HOW TO COMPLETE THIS TASK ::
Copy exactly, beginning with the line holding "ورواه أبو حنيفة،" and ending with the final line of the data beneath this task; copy nothing else, and leave out every picture.

DATASET EXTRACT START

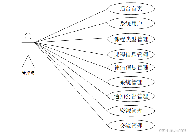 管理员角色的用例包括后台首页、系统用户、课程类型管理、课程信息管理、评估信息管理、系统管理(轮播图管理)、通知公告管理、资源管理(考研资讯、资讯分类、模拟试题)、交流论坛(交流论坛、论坛分类)。
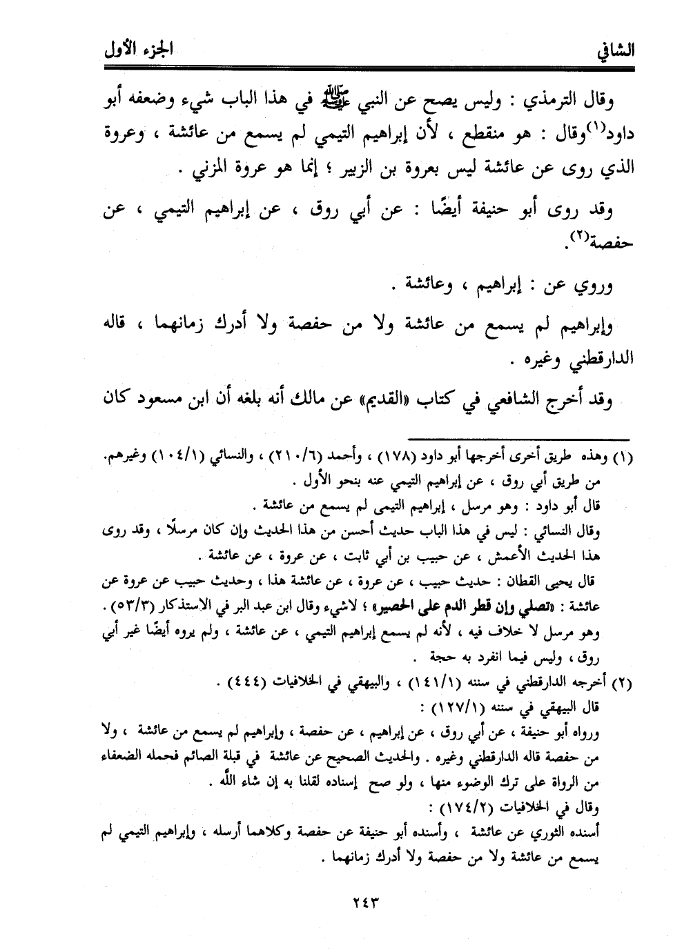 ورواه أبو حنيفة، عن أبي روق، عن إبراهيم، عن حفصة، وإبراهيم لم يسمع من عائشة، ولا من حفصة قاله الدارقطني وغيره. والحديث الصحيح عن عائشة في قبلة الصائم فحمله الضعفاء من الرواة على ترك الوضوء منها, ولو صح إسناده لقلنا به إن شاء اللَّه.
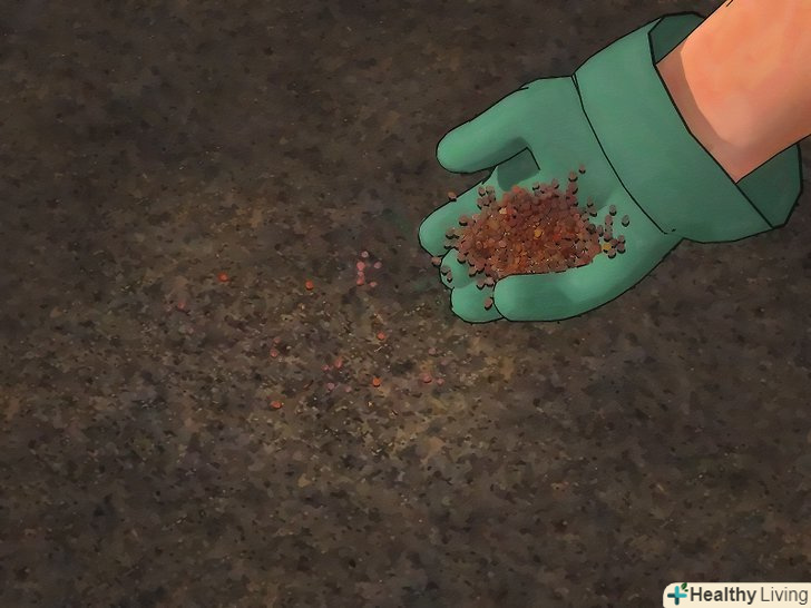 Розсійте насіння. поширюйте насіння на підготовлену грунт якомога більш рівномірно. Покрийте насіння обережно 6 мм. шаром грунту для весняної ріпи або 1.25 см.шаром грунту для осінньої ріпи.- Крім того, ви можете посіяти насіння рядами, розташованими на відстані 30-45 см.один від одного.
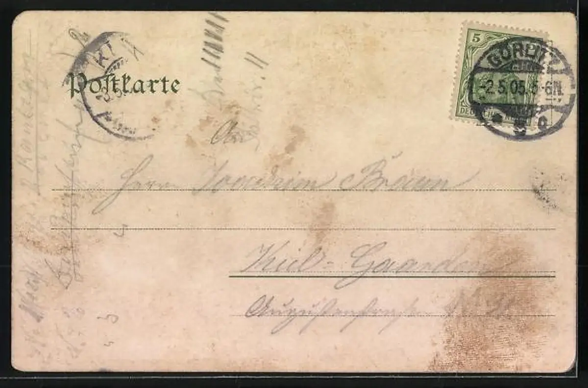 gelaufen 1905, Eckknick unten links, Stempelspur, guter Zustand

DATASET EXTRACT END

SOLVED PROBLEM ::
 ورواه أبو حنيفة، عن أبي روق، عن إبراهيم، عن حفصة، وإبراهيم لم يسمع من عائشة، ولا من حفصة قاله الدارقطني وغيره. والحديث الصحيح عن عائشة في قبلة الصائم فحمله الضعفاء من الرواة على ترك الوضوء منها, ولو صح إسناده لقلنا به إن شاء اللَّه.
 Розсійте насіння. поширюйте насіння на підготовлену грунт якомога більш рівномірно. Покрийте насіння обережно 6 мм. шаром грунту для весняної ріпи або 1.25 см.шаром грунту для осінньої ріпи.- Крім того, ви можете посіяти насіння рядами, розташованими на відстані 30-45 см.один від одного.
 gelaufen 1905, Eckknick unten links, Stempelspur, guter Zustand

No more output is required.